# ARG project: Methods & questions
## Methods: Bioinformatic ARG detection on assembled sequences
- [Characterization of antimicrobial resistance genes and virulence factor genes in an Arctic permafrost region revealed by metagenomics](https://linkinghub.elsevier.com/retrieve/pii/S0269749121022168) (2021, Environmental Pollution)
- **ORF prediction** (MetaGeneAnnotator with default parameters)
- **ORF clustering** (90% coverage using CD-HIT, representative sequence = longest sequence per cluster)
- **ARG prediction:** Align cluster representatives against CARD using DIAMOND BLASTP.
- **Taxonomic assignments:** Align cluster representatives against NCBI non-redundant protein sequences database NR using DIAMOND. Reduce false positives by stringent thresholds: E-value <1e+5, identity > 70%, alignment length >50
- **Normalization/gene abundance:** Transcripts per million (TPM) calculated via Kallisto and merged with alignment results via contig ID.
- **MGE prediction:** AMR module of PathoFact pipeline
- **Identify potential PARBs (pathogenic ABR bacteria):** bin contigs into MAGs (MetaBAT 2 and MaxBin 2 from the MetaWRAP pipeline) and map ARGs onto them (in a seems-like unnecessarily laborious process...).
- **Statistics on dataset parameters** in R(e.g. physiochemical parameters (pH...); for our samples maybe age, geographic location, origin (dental calculus, paleofeces...), host species...
- [Characterization of antibiotic resistance genes in the species of the rumen microbiota](https://www.nature.com/articles/s41467-019-13118-0) (2019, Nature Communications)
- Download microbial genomes
- Screen with
- **RESFinder** v2.1, cut-offs: query coverage 60%, gene identity 70%, and sequence length 60% of the reference ARG
- **Resfams** v1.2: predict conserved ARG domains, no custom cut-offs
- **ARG-ANNOT** v3 and **BLASTn**: cut-offs: sequence identity 70%, sequence length: 60%, E-Value <1E-6.
- [Shotgunโmetagenomics based prediction of antibiotic resistance and virulence determinants in Staphylococcus aureus from periprosthetic tissue on blood culture bottles](https://doi.org/10.1038/s41598-021-00383-7) (2021, Nature Scientific Reports)
- Assembly/binning/taxonomic classification
- ARGs from reads: **Groot** v.1.0.2
- ARGs from contigs: **ABRicate** v0.8
- for both: against **NCBI** bacterial antimicrobial resistance reference gene database
- chromosomal **point mutations associated with antimicrobial resistance**: **ResFinder** v.4.1 (Point Finder database)

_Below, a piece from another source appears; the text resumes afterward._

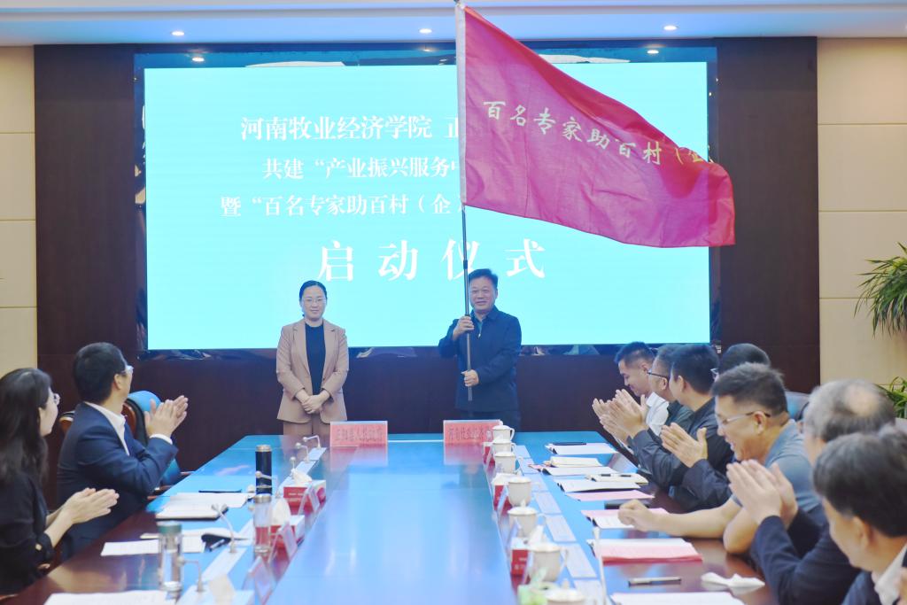 仪式上,穆瑞杰、张燕为“产业振兴服务中心”揭牌。杨国宇、张燕代表校地双方签署共建“产业振兴服务中心”合作协议。张燕为我校“双百”工程专家代表授“双百”工程旗。
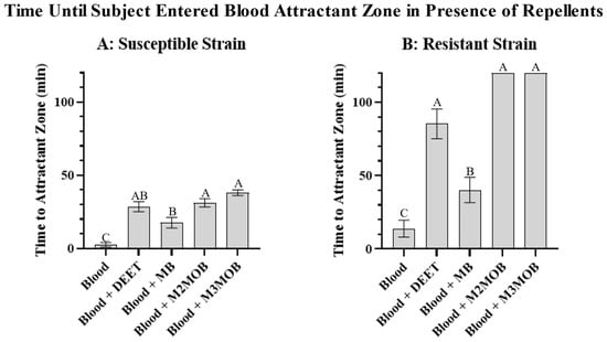 Figure 6. Repellent activity in presence of food source. The amount of time (mean +/− SEM) it took for subjects in susceptible strain (A) and resistant strain (B) to enter the blood attractant zone, in minutes, when zone is surrounded by a repellent compound [0.14 μL/cm2 of DEET, methyl benzoate (MB), methyl 2-methoxybenzoate (M2MOB), or methyl 3-methoxybenzoate (M3MOB)]. Error bars are not shown for M2MOB and M3MOB of the resistant strain because all subjects went the entire 120 min without entering the attractant zone for both treatments. Different letters above them are significantly different at α = 0.05. A: ANOVA: n = 20 per treatment (n = 100 total), F(4, 95) = 27.07, p < 0.0001. Holm-Šidák’s multiple comparisons: Control vs. any other treatment, p < 0.0001; MB vs. M2MOB, p = 0.0294; MB vs. M3MOB, p = 0.0083; all other comparisons not significant. B: ANOVA: n = 20 per treatment (n = 100 total), F(4, 95) = 11.77, p < 0.0001. Holm-Šidák’s multiple comparisons: Control vs. DEET, p < 0.0001; Control vs. MB, p = 0.0011; Control vs. M2MOB, p < 0.0001; Control vs. M3MOB, p < 0.0001; DEET vs. MB, p = 0.0442; MB vs. M2MOB, p = 0.0001; MB vs. M3MOB, p = 0.0001; all other comparisons were not significant.

- cut-offs for all: sequence identity 90%, sequence coverage 90%
- read cut-off: read coverage >20x
- [Global landscape of gut microbiome diversity and antibiotic resistomes across vertebrates](https://doi.org/10.1016/j.scitotenv.2022.156178)

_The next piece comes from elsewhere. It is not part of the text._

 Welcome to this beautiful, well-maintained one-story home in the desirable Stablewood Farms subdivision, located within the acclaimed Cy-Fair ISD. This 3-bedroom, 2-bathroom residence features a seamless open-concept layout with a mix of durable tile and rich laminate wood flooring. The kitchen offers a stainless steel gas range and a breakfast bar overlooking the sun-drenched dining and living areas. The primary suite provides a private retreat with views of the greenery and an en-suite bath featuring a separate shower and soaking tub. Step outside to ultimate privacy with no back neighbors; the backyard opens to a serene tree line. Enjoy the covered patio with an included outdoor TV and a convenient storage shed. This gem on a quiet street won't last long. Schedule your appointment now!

- **ARGs-OAP** v2.0 pipeline with **Structured Antibiotic Resistance Genes (SARG) database**
- **RGI** v5.1.1 with **ResFam database**
- cut-offs (prbly for both): sequence identity of 70%, sequence length >70%, and an e-value < 1eโ5
- [Exploring divergent antibiotic resistance genes in ancient metagenomes and discovery of a novel beta-lactamase family](https://doi.org/10.1111/1758-2229.12453) (2016, Environmental Microbiology Reports)
- read-level: **BLASTx** with **ARGANNOT database**, cut-off: e-value 1E-10 (for reads <100 bp: 1E-05)
- then: compare best hit against "**NCBI database**" (no further specifications)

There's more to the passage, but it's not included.